Colorado Springs Real Estate Trends: The median listing home price in Colorado Springs was $439.9K in January 2023, trending up 2.9% year-over-year. The median listing home price per square foot was $212. The median home sold price was $335K. Colorado Springs was a buyer's market in January 2023, which means the supply of homes is greater than the demand for homes.
The market had a total sales-to-total listings ratio below 0.12, which favors sellers. On average, homes in Colorado Springs sell after 115 days on the market. The trend for median days on market in Colorado Springs is flat since last month, and slightly up since last year. These housing market trends in Colorado Springs are based on single-family, condo, and townhome properties listed for sale on Realtor.com. Land, multi-unit, and other property types are excluded.

18. Denver, Colorado

Denver
, Colorado also makes the list of the best places to invest in real estate. Rentals in this city have been gradually increasing over the years. This consistent growth has been driven by a buoyant economy creating jobs. Tourism is also high, driving strong returns in the holiday rental market. Jobs are a major reason why people move to Denver in the first place.
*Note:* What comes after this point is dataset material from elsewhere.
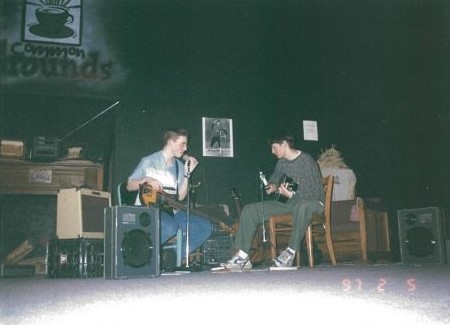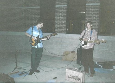 On the far side of the campus, was an old church building owned by the college. In it was a student-run coffee house “Common Grounds.” This was the music venue for independant artists, edgy small time bands, poetry recitals, late night debates. I’ll never forget seeing Exit59 from Taylor and Whipple Tree Band from Wheaton there. It was here M.Cotu had our first real gig. An audio tape of this show exists as well. It was well recieved by the embryonic auidence in attendance.

Denver is a bustling city that is quickly growing in popularity, attracting an influx of residents and businesses to the area. That explains why Denver is one of the top cities for in-migration, attracting people from all over the state as well as the country. With a thriving economy, stunning scenery, and a range of amenities, Denver is a great place to invest in real estate.
Here are the top reasons why:
  • Strong Economy: Denver is home to a strong and diverse economy, with major industries including healthcare, education, and technology. The city has consistently low unemployment rates, high median household incomes, and a growing population, making it an attractive market for real estate investors.
  • Growing Population: Denver has experienced significant population growth in recent years, with a 21% increase in population since 2010. This growth is expected to continue, driven by a young and educated population seeking access to top-tier amenities and a high quality of life.
  • Booming Real Estate Market: Denver's real estate market is booming, with home values increasing rapidly over the past few years. In fact, Denver was recently ranked as one of the hottest real estate markets in the country, making it a prime location for investors looking to capitalize on the city's growth.
  • Proximity to Outdoor Recreation: Denver is located at the base of the Rocky Mountains, providing easy access to world-class outdoor recreation opportunities like skiing, hiking, and camping. This proximity to nature is a major draw for residents and tourists alike, driving demand for real estate in the area.
  • Cultural and Entertainment Scene: Denver offers a vibrant cultural and entertainment scene, with a range of museums, galleries, music venues, and festivals throughout the year. The city is also home to a thriving food and beverage scene, with a range of top-rated restaurants and breweries.
  • Top-Tier Education: Denver is home to a range of top-tier universities and colleges, including the University of Denver and the University of Colorado Denver. These institutions attract a highly educated population and drive demand for student housing in the area.
  • Access to Major Cities: Denver is located within driving distance of other major cities like Boulder, Fort Collins, and Colorado Springs. This proximity to other urban centers creates a strong demand for housing in the area, making it an attractive market for real estate investors.
Denver Real Estate Trends: The median listing home price in Denver, CO was $565K in January 2023, trending up 6.6% year-over-year. The median listing home price per square foot was $355. The median home sold price was $460K. Denver was a buyer's market in January 2023, which means the supply of homes is greater than the demand for homes.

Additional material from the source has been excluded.